単行本 - 外国文学
演劇の本質を用いて描かれる小説的な小説──『リンカーンとさまよえる霊魂たち』書評
評者・岡田利規
2018.10.11
小説では登場人物がその世界の中で発した言葉のことをせりふと言うけれど、演劇だと舞台上で役者が発する言葉のことをせりふと言う。ふたつは全然違う。役者が舞台上で発する言葉が、その役者が演じる登場人物が作品世界内で発する言葉だとは限らないから。小説では地の文というのはせりふとは区別されているけれど、観客に直接話しかけるという仕方で状況を描写する性質の言葉だとしても、役者が舞台の上で発している言葉である以上は演劇ではそれはせりふだ。
ジョージ・ソーンダーズの『リンカーンとさまよえる霊魂たち』は、演劇における意味でのせりふで書かれた、南北戦争まっただ中のアメリカを舞台にした小説である。この小説の舞台(舞台セットは墓地)に登場してせりふを発するのは霊魂たちだ。彼らはこの小説の登場人物であるが、それ以上にこの小説の役者であると言うのがふさわしい。役者と登場人物とは異なる。役者は小説では地の文と呼ばれるところの状況描写のせりふを舞台上で発することもあるし、そもそも役者として舞台に出てくるわけではない登場人物というのもいる。本書においてはリンカーンがそうだ。
この小説で描かれるメインのエピソードは、大統領エイブラハム・リンカーンとその息子ウィリーの霊魂をめぐるエピソードだ。たった十一歳で逝ってしまった息子への、抑えきれない父親の思いが、それを傍らから眺めていた霊魂たちによって語られ、胸を打つ。霊魂たちはリンカーンをただ傍観しているだけではない。その中に入り込んで、彼の心身を導こうとするときもある。

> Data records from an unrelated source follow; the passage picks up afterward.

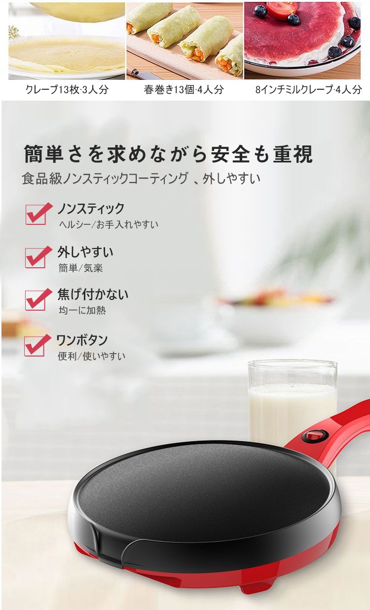 ノンスティックのクレープメーカー
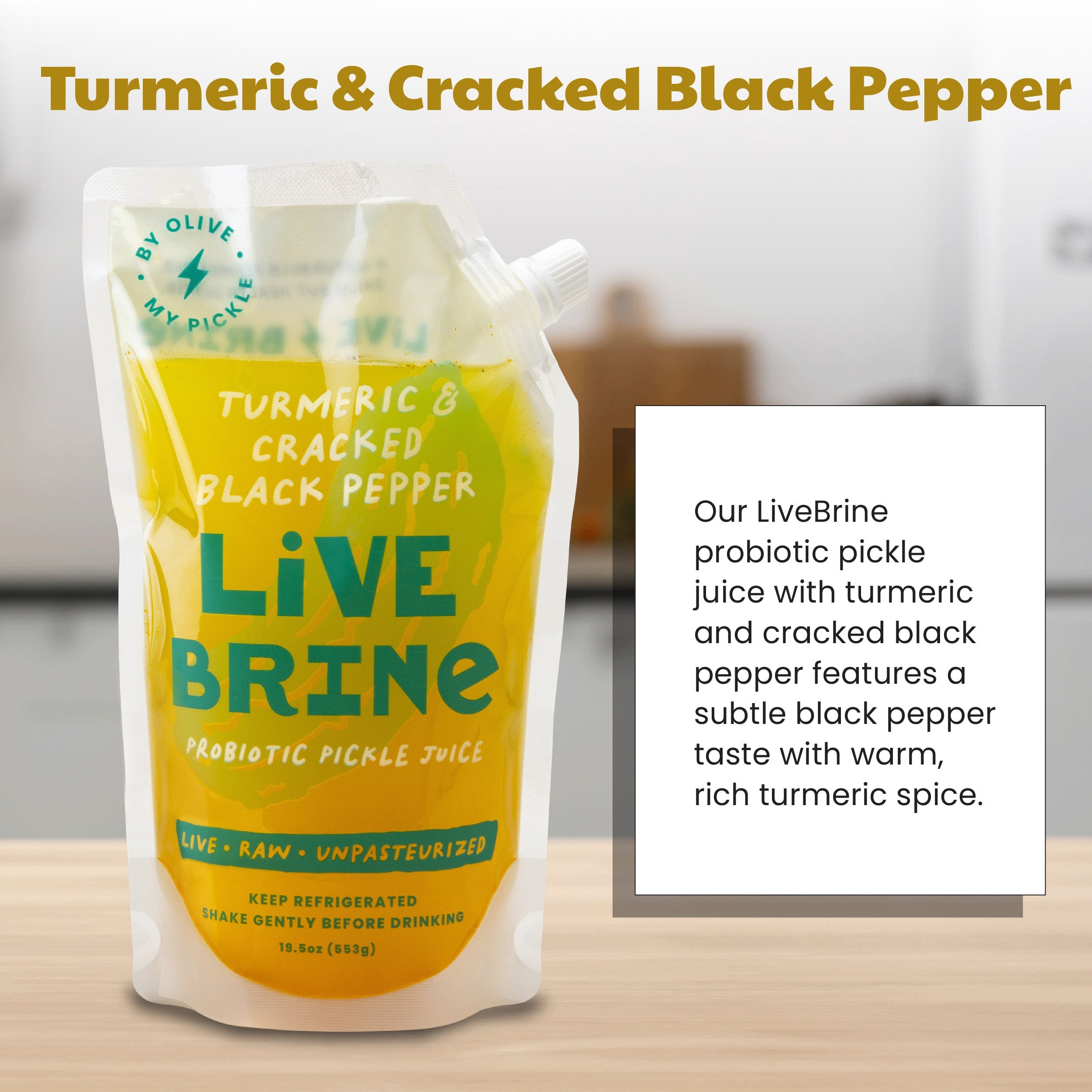 LiveBrine Probiotic Pickle Juice: Turmeric & Cracked Black Pepper (3 PACK)
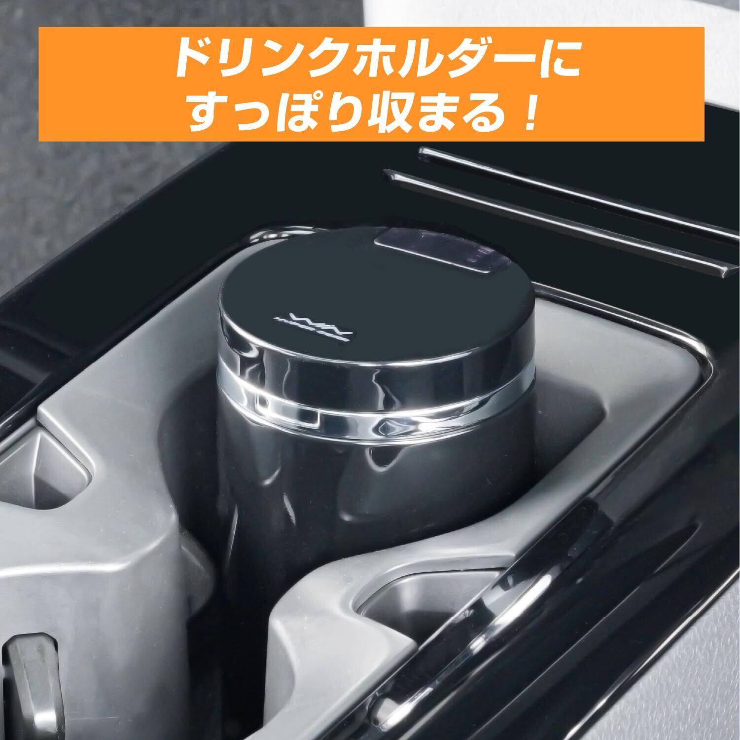 純正や後付けのドリンクホルダーにすっぽり収まる置き型タイプの缶灰皿です。
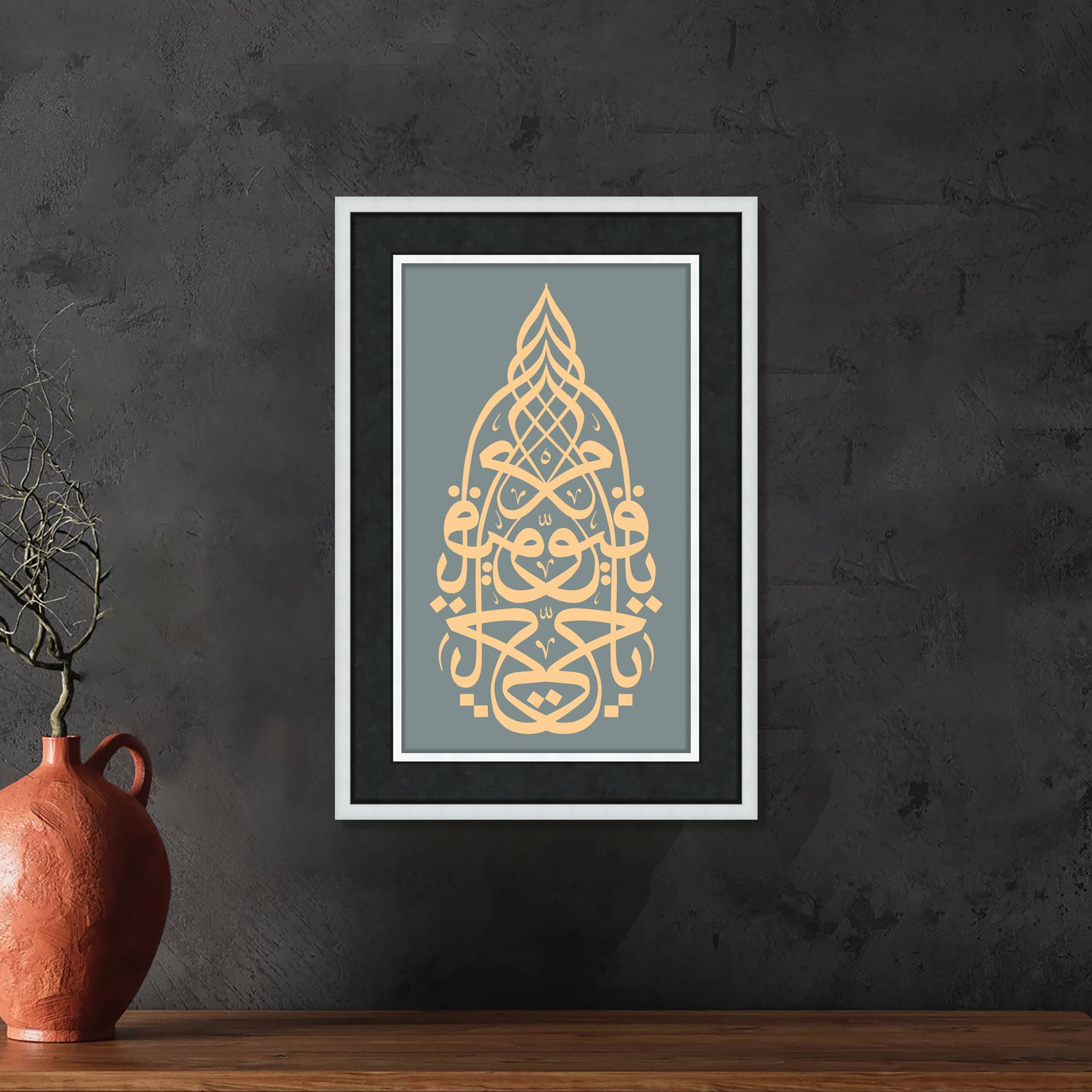 Ya Hayyu Ya Kayyum" ifadesi, "Ey diri ve her şeyi ayakta tutan Allah!" anlamına gelir. Anlam Derinliği: Allah’ın Sonsuz Hayatı ve Kudreti: El-Hayy ismi, Allah’ın diri ve ölümsüz olduğunu, O’nun hiçbir zaman yok olmayacağını ve her zaman var olduğunu ifade eder. Bütün varlıkların varoluşu ve hayatı, O’nun "Hayy" sıfatından gelir. Allah’ın Her Şeyi Ayakta Tutan Gücü: El-Kayyum ismi, Allah’ın her şeyi ayakta tuttuğunu, yönettiğini ve düzenlediğini ifade eder. Bütün varlıkların varlıklarını sürdürebilmeleri Allah’ın Kayyum sıfatına bağlıdır. O, tüm evrenin düzenini koruyan, tüm yaratılmışların varlık sebeplerini elinde tutan yegâne kudrettir. Tevhid ve Allah’a Güven: "Ya Hayyu Ya Kayyum" ifadesi, Allah’ın hem diri (hayy) hem de her şeyi ayakta tutan (kayyum) olduğunu bilerek, O’na mutlak güveni ve teslimiyeti ifade eder. Müslümanlar, her türlü zorluk ve ihtiyaç anında bu isimleri zikrederek Allah’tan yardım ve destek talep ederler. Kur'an-ı Kerim'de Geçişi: Ayetü'l-Kürsi: Allah’ın "Hayy" ve "Kayyum" sıfatları, Kur'an-ı Kerim’in en büyük ayetlerinden biri olan Ayetü'l-Kürsi’de (Bakara Suresi, 255. Ayet) geçer: "Allah, O'ndan başka hiçbir ilah yoktur; Hayy’dır, Kayyum’dur (her şeyi ayakta tutan, koruyan ve yöneten)..." Ali İmran Suresi 2. Ayet: "Allah, kendisinden başka hiçbir ilah olmayandır. Hayy’dır, Kayyum’dur." Bu ayetlerde Allah’ın diri olduğu ve her şeyi koruyup gözettiği belirtilir ve bu iki sıfatın büyüklüğü vurgulanır. Dua ve Zikirlerde Kullanımı: Peygamberimizin (s.a.v.) Dualarında: Hz. Muhammed (s.a.v.), sık sık "Ya Hayyu Ya Kayyum" ifadesini dualarında kullanmıştır. Örneğin, zor anlarda ve sıkıntılı durumlarda bu ifadeyi zikretmiştir. Bir hadisinde şöyle buyurur: "Ya Hayyu Ya Kayyum, rahmetinle senden yardım istiyorum." (Tirmizi) Kalp Huzuru ve İstikrar: Bu zikir, kalp huzurunu, sükuneti ve Allah’a tam bir güveni ifade eder. Müslümanlar, bu zikri tekrarlayarak Allah’tan yardım, istikrar, güç ve destek dilerler. Manevi ve Ruhsal Etkisi: Allah’a Tam Güven ve Teslimiyet: "Ya Hayyu Ya Kayyum" ifadesi, Allah’ın her zaman var olduğunu ve her şeyi kontrol ettiğini bilerek O’na tam bir teslimiyeti ifade eder. Ruhsal Güç ve Dayanıklılık: Bu zikri tekrarlamak, zor zamanlarda ruhsal güç ve dayanıklılık sağlar. Müslümanlar, bu isimleri zikrederek Allah’ın sonsuz kudretine ve yardımına olan güvenlerini ifade ederler. Sonuç: "Ya Hayyu Ya Kayyum", Allah’ın diri ve her şeyi ayakta tutan olduğunu ifade eden iki güzel isimden oluşan bir zikirdir. Bu ifadeyi zikretmek, Allah’ın kudretine, varlığına, korumasına ve yardıma olan güveni ve teslimiyeti güçlendirir. Müslümanlar için zor zamanlarda ve ihtiyaç anlarında sıkça başvurulan bu dua ve zikir, Allah’a olan bağlılığı ve güveni pekiştiren derin bir anlam taşır. Çerçeve , Lamine Çerçeveden üretilmiştir. Çift katmanlı çerçeve kırık beyaz renginde, derinlikli çeçreve kullanılmıştır, Baskı, Hahnemühle, Stüdio Enhenced 190 gr /m² Kağıt Kullanılmıştır. Paspartu; 6 cm Siyah İthal 17 micron kağıt kullanılmıştır. Cam, 2 mm Normal Cam Kullanılmıştır.
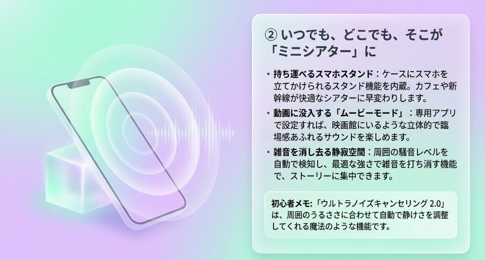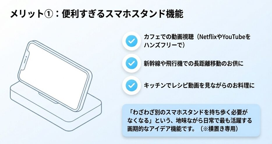 例えば、充電ケースがスマホスタンドになる便利さは、一度使うと手放せなくなります。
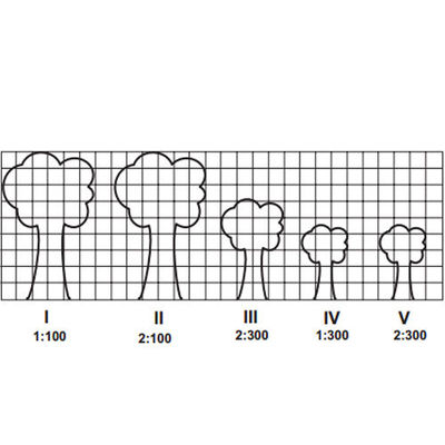 Um biólogo mediu a altura de cinco árvores distintas e representou-as em uma mesma malha quadriculada, utilizando escalas diferentes, conforme indicações na figura a seguir.
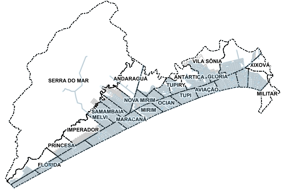 A organização do território da Estância Balneária de Praia Grande é subdividida em 32 (trinta e dois) bairros, conforme estabelecido na Lei Complementar nº 473 de 27 de dezembro de 2006, com delimitação constante da Carta Oficial “Logradouros Públicos, Loteamentos e Bairros”. Os dados aqui relacionados apresentam as praças do município e como elas são implantadas na cidade.

リンカーンの身体の中に入って、身体の動きをリンカーンと同化させるのだ。霊魂たちの生きている世界では、そういうことができるらしく、僕の生きているこの世界では視覚化することの難しいそうした描写が、しかしこの小説の中では生き生きと、手に取るように克明に行われている。この小説家は、描写力がすばらしい。
霊魂たちはときに一行単位でテキストを分担して発するような仕方で、ときに誰かひとりの長ぜりふという仕方で、リンカーンのことのみならず、自分たちのことも語っていく。彼らの今いる死後の世界のありようをこの小説の読者に対して、というよりもこの小説の観客に対して伝える。それぞれの霊魂がかつてどのように生きていたか、どのように死んだのか、そして今ここで、どのうな思いに苦しめられながら霊魂として存在しているか。彼らの語りからは、それにともなう身振りが見える。舞台の上で身振りをともないながら語る彼岸の霊魂たちと、観客席という此岸からそれと対峙するわたしたち読者。舞台の上はあの世にするのが容易(たやす)いというのは、演劇の本質的な特徴だ。小説において死後の世界を描き出すためにジョージ・ソーンダーズはそれを用いた。小説を演劇的にするためにではない。声なき者(ここでは、死者)に声を与えるという、文学のオーソドックスなはたらきをできるだけ力強いものとして発揮させるために、きっとそうしたのだ。それはものすごく成功していると僕は思う。